» Action item
Taking only the lines of the data below from the line with "Цена 1600 рублей." to the line with "検索タグ:イラスト、キャラク", ends included, write them out exactly and without pictures.

» Records to use
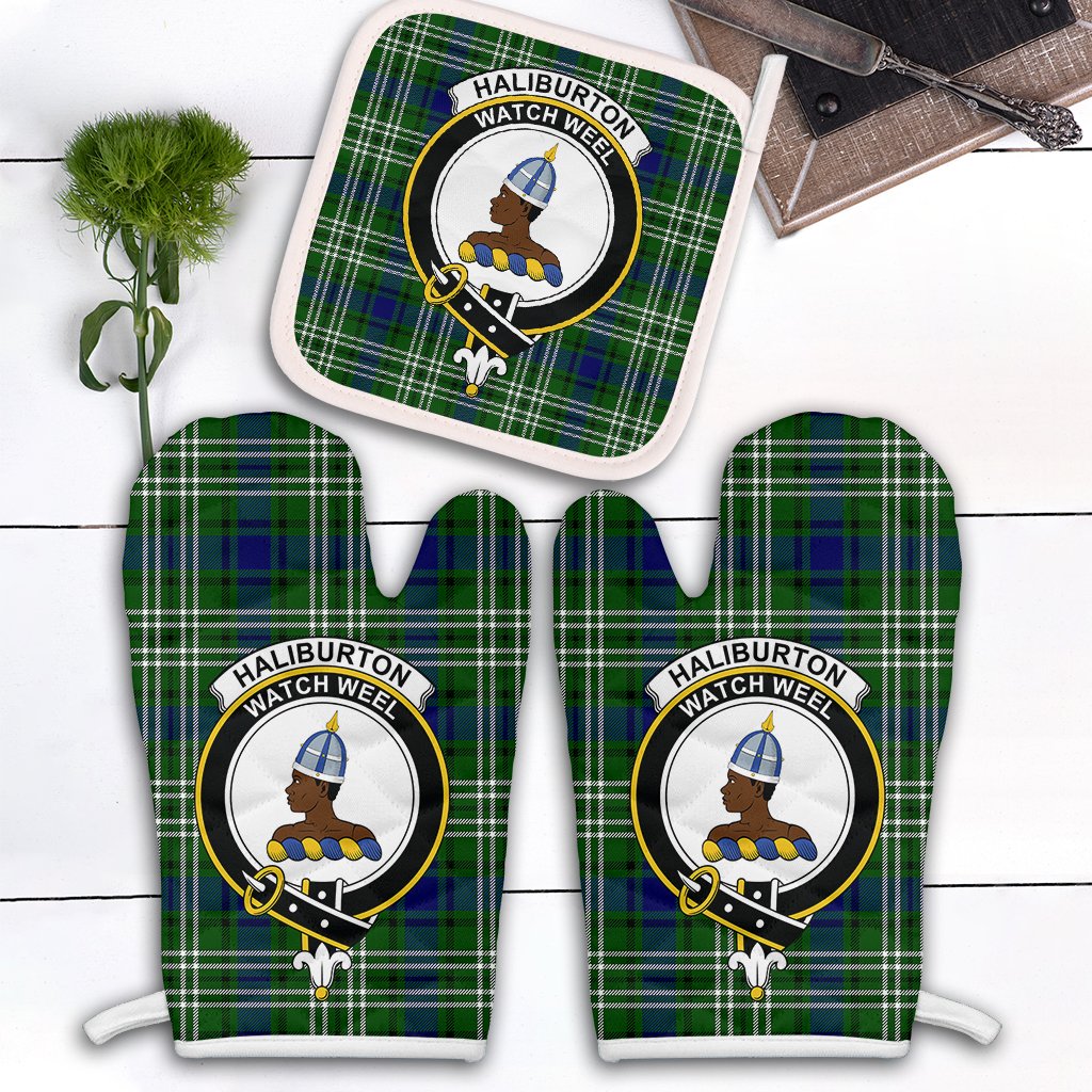 Haliburton Tartan Crest Oven Mitt And Pot Holder (2 Oven Mitts + 1 Pot Holder)
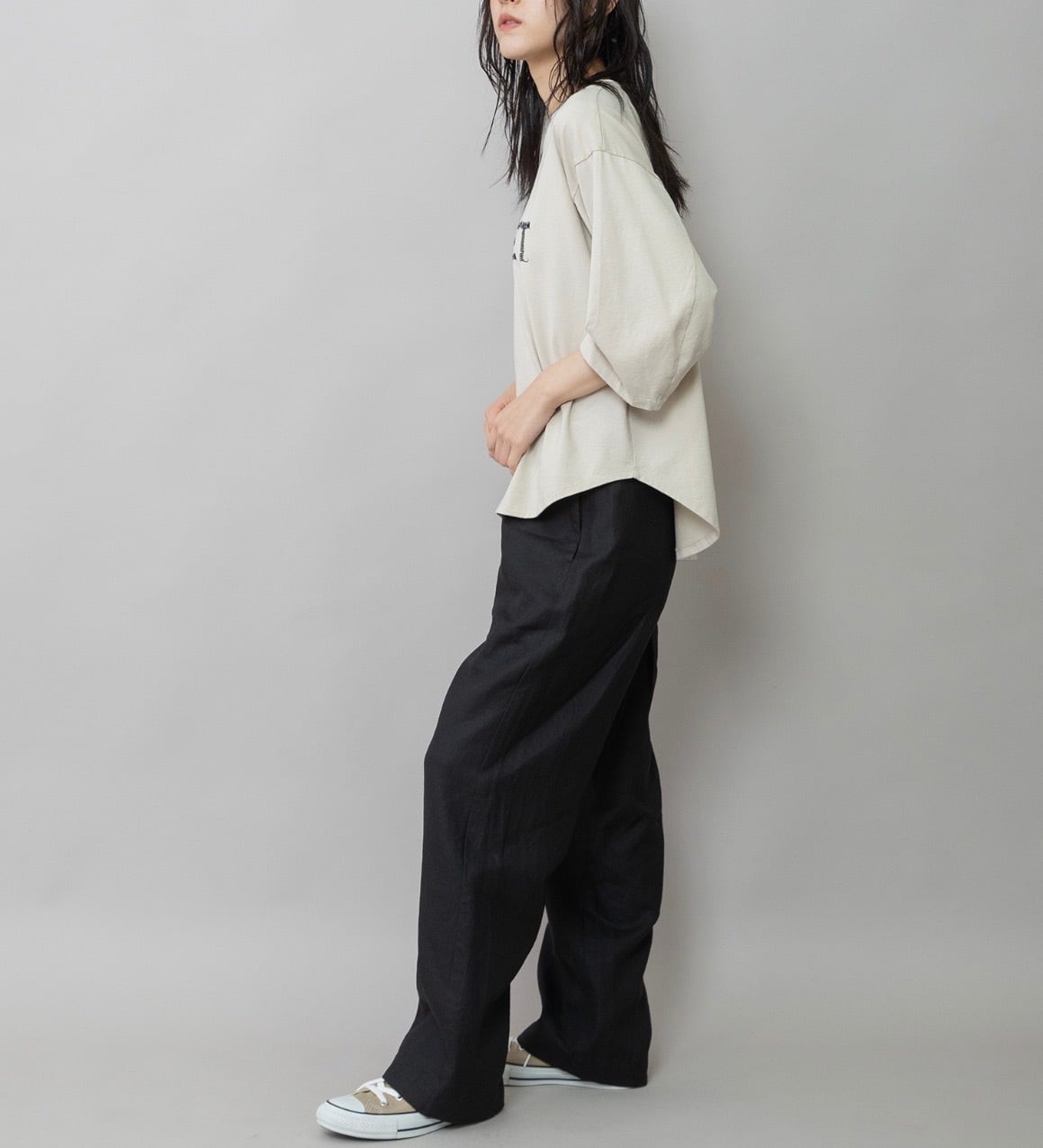 ほどよいゆとりと落ち感のあるシルエットで、シンプルながら抜け感のある雰囲気に。
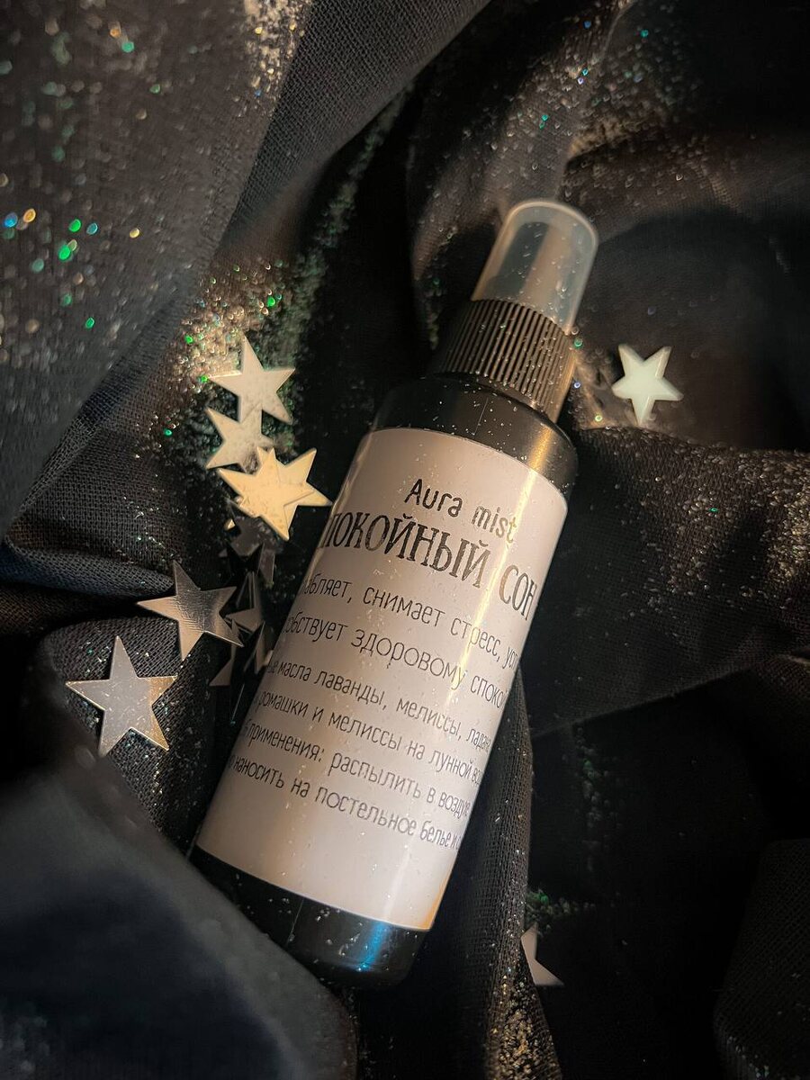 Аура мист «Спокойный сон» Аура мист – это удобный и волшебный спрей в флаконе с распылителем. Он содержит настой трав на лунной воде, а также эфирные масла и манифестацию намерения. Аура мист действует на физическом и тонком плане, помогая достигать поставленной задачи. «Спокойный сон» расслабляет, снимает стресс, успокаивает и способствует спокойному, здоровому сну. В составе «Спокойного сна»: 💦🌙настой ромашки и мелиссы на лунной воде 🌿🌸эфирные масла лаванды, мелиссы, ладана, ветивера и ванили Пользоваться аура мистом просто – распылите его в спальне или на постельное белье для спокойного, крепкого сна🛌😴 Объем 100 мл. Цена 1600 рублей.
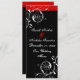 Elégante carte de menu mariage de fleurs rouges et noires à feuilles florales, avec des feuilles blanches, des tourbillons et des boucles et des points rouges sur arrière - plan noir. Il y a une bande rouge avec votre texte en haut. Design élégant, élégant et chic, parfait pour un mariage d'hiver.
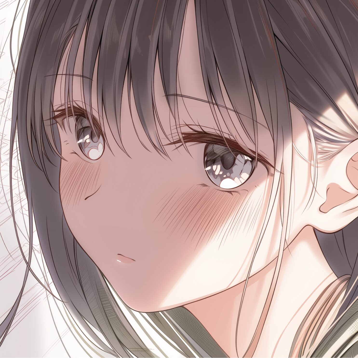 検索タグ:イラスト、キャラクター、女子、女の子、女性、女、女の人、アニメ、漫画、マンガ、若い、人物、顔、美しい、綺麗、きれい、キレイ、アート、お洒落、挿絵、インスタ、Instagram、AI生成画像、コピースペース、かわいい、可愛い、カワイイ、キャラクター、ショートヘア、黒髪、顔、切ない、恋心、アップ
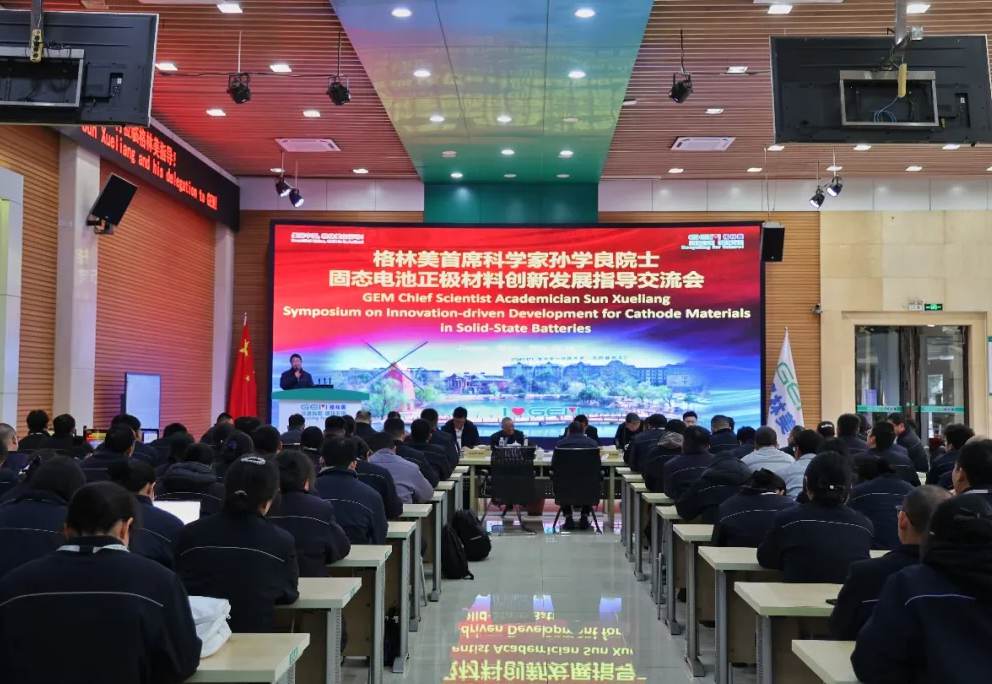 活动伊始,孙学良院士以高屋建瓴的视野、深入浅出的阐释,全面解读全固态电池产业发展机遇、挑战与产业化路径,为格林美核心管理人员、创新人员共200余名骨干带来了一场精彩的学术分享交流会。交流会中,孙学良院士围绕全固态电池全球发展格局、国家战略、中国产业化布局及国际合作展开系统阐述,重点剖析卤化物固态电解质五大核心挑战与技术进展,对新型电解质、正极材料开发方向做出科学总结与前瞻展望,同时也为格林美创新团队提供了极具前瞻性和指导性的技术思路。孙学良院士特别指出,在“十五五”规划开局之际,新型储能与固态电池作为六大新型支柱产业之一,将成为引领新质生产力的关键领域。他热切期望能与格林美发挥各自优势,紧密合作,共同推进固态电池用正极材料的技术革新与产业化进程。
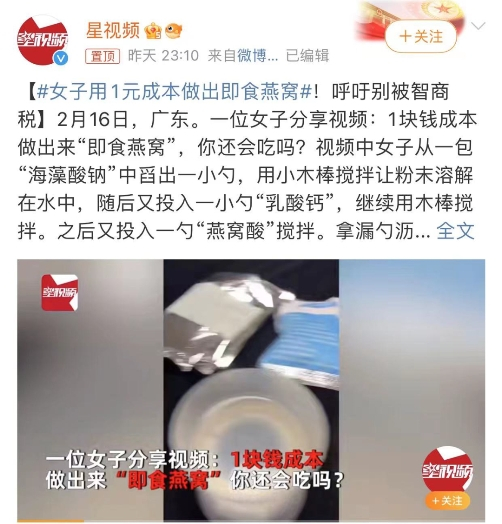 2023年2月16日,广东一女子在网上分享了一则视频,用1块钱成本做出了“即食燕窝”。视频中女子分别取“海藻酸钠”“乳酸钙”和“燕窝酸”一小勺加入水中,用小木棒搅拌至充分溶解,拿漏勺沥出后便出现了与燕窝极其相似的“条形胶状物”。
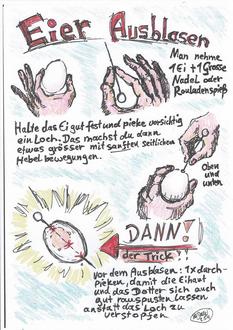 Bitte macht mal öfter Rüherei, Spätzle oder Pfannkuchen und gebt dann die ausgeblasenen Eier wie üblich bei unserer Evelyn Dannhorn, Hauptstr. 7 ab.
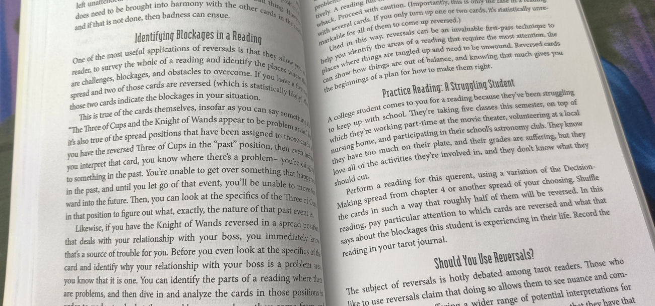 This is a book you can read cover to cover, making your way through its given sequence of tarot cards for study. Or dip into and spot-read depending on your interests. The card meanings section is comprehensive, and will easily become the most practical and indispensable resource you have to get straight to the point of what the cards in your reading mean.
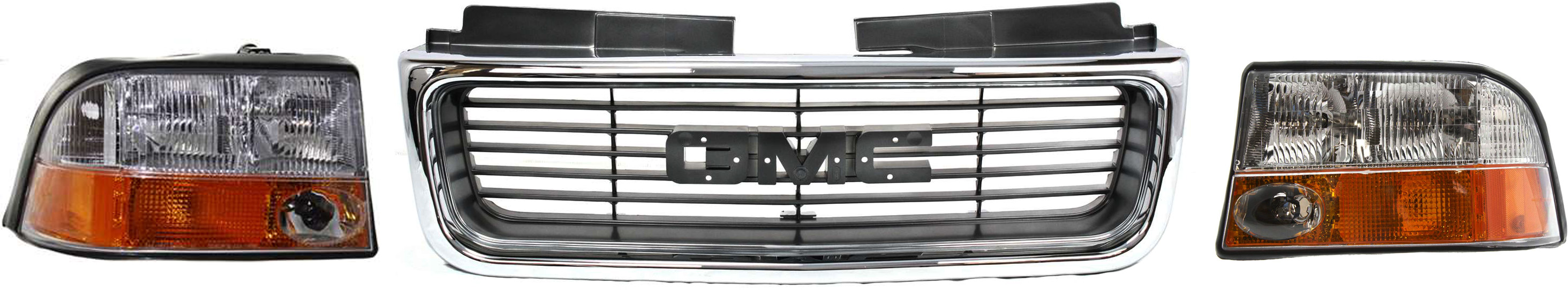 Headlight Assembly Kit for GMC Jimmy 1998-2005/Sonoma 1998-2004, Right (Passenger) and Left (Driver) Sides, Halogen, 3-Piece Set, Includes Grille, Replacement

» Written answer
 Аура мист «Спокойный сон» Аура мист – это удобный и волшебный спрей в флаконе с распылителем. Он содержит настой трав на лунной воде, а также эфирные масла и манифестацию намерения. Аура мист действует на физическом и тонком плане, помогая достигать поставленной задачи. «Спокойный сон» расслабляет, снимает стресс, успокаивает и способствует спокойному, здоровому сну. В составе «Спокойного сна»: 💦🌙настой ромашки и мелиссы на лунной воде 🌿🌸эфирные масла лаванды, мелиссы, ладана, ветивера и ванили Пользоваться аура мистом просто – распылите его в спальне или на постельное белье для спокойного, крепкого сна🛌😴 Объем 100 мл. Цена 1600 рублей.
 Elégante carte de menu mariage de fleurs rouges et noires à feuilles florales, avec des feuilles blanches, des tourbillons et des boucles et des points rouges sur arrière - plan noir. Il y a une bande rouge avec votre texte en haut. Design élégant, élégant et chic, parfait pour un mariage d'hiver.
 検索タグ:イラスト、キャラクター、女子、女の子、女性、女、女の人、アニメ、漫画、マンガ、若い、人物、顔、美しい、綺麗、きれい、キレイ、アート、お洒落、挿絵、インスタ、Instagram、AI生成画像、コピースペース、かわいい、可愛い、カワイイ、キャラクター、ショートヘア、黒髪、顔、切ない、恋心、アップ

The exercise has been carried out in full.